Earlier this year, in the Commissioner’s Decision Re Amgen Research (Munich) GmbH (2021 CACP 2), the Patent Appeal Board permitted medical use claims for dosage based on body surface area. The finding that calculation of body surface area does not involve professional skill or judgment was a welcome step forward for pharmaceutical patentees (read our article here). This finding expanded on PN2020-04 published following Yves Choueifaty v Attorney General of Canada,1 which clarified that where a claim contains a dosage, regardless of whether it is fixed or covers a range, this in itself is not indicative that the claim is directed to a method of medical treatment, and thus the question of patentability is still a live issue. 

The claims at issue in the ‘100 application are directed to an antibody for treatment in breast cancer, wherein the antibody is administered at an initial dose of 8 mg/kg and a plurality of subsequent doses of 6 mg/kg, wherein the doses are separated by three weeks. In the Final Action, the Examiner asserted that the exercise of a physician’s skill and judgment is required to (1) determine the appropriate dose; (2) determine how many subsequent doses to administer; and (3) calculate the dose to be administered and therefore refused the claims on the basis that they encompass unpatentable subject matter.

The description of the ‘100 application contains the type of broad, generic statements discussing a physician’s discretion in selecting an appropriate dosage based on patient-specific factors that are commonly found in applications relating to medical or therapeutic uses. The Board reiterated that medical use claims must be read in the context of the specification as a whole, and in the case of fixed dosage claims it is necessary to consider whether there is evidence indicating that the skill and judgment of the physician would be called on to select an appropriate dose or make any adjustments to the dosage. The Applicant successfully argued to the Board that the broad, generic statements in the description did not pertain to the actual invention as claimed.
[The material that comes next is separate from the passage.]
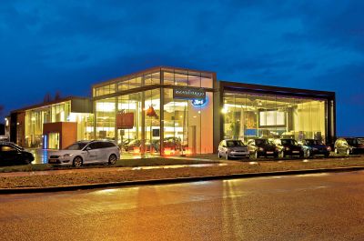 Omwille van de openheid en de lichtheid van de constructie kozen de ontwerpers bewust voor een staalconstructie. <br>Elk detail werd met aangepaste software zeer grondig bestudeerd en uitgewerkt waardoor de staalconstructie nog krachtiger overkomt. Blikvanger is het 8 m hoge hoekvolume. De gevels afgewerkt met glas en grijze sandwichpanelen, geven de toegang tot de toonzaal een uitnodigend karakter.

Second, the Patent Appeal Board agreed with the Applicant that it cannot be the case that claims of the type “the use of X for treating Y” necessarily encompass a medical professional’s decision to start or stop treatment. To be patentable, the decision to prescribe, which could require the exercise of skill and judgment, must be outside the scope of the claim. Once the decision to prescribe has been made, the fixed dose as claimed cannot call on or restrict the exercise of skill or judgment. Similarly, the Board accepted the Applicant’s argument that the decision to stop treatment (the number of subsequent doses) is analogous to the decision to start treatment, and agreed that in this case the decision to stop treatment was also outside the scope of the claim.

Finally, the Board agreed with the Applicant that the weighing of a patient and calculation of dose (i.e. number of mg/kg) does not require professional judgment. The Board noted that there was no evidence that monitoring of a patient’s weight would be required, and thus the doses are fixed and the mere calculation to convert from mg/kg to a patient-specific dose would not require the skill and judgment of a medical professional.

The allowance of a fixed body weight-dependent dosage regimen is a win for patentees in the pharmaceutical industry, and reaffirms that dosage regimens can be allowable subject matter, so long as no physician skill or judgment is required to exercise the full scope of the claims. While methods of medical treatment remain unpatentable subject matter in Canada, this decision further clarifies the potential scope of protectable medical use claims involving dosage regimens.

1 Yves Choueifaty v Attorney General of Canada, 2020 FC 837.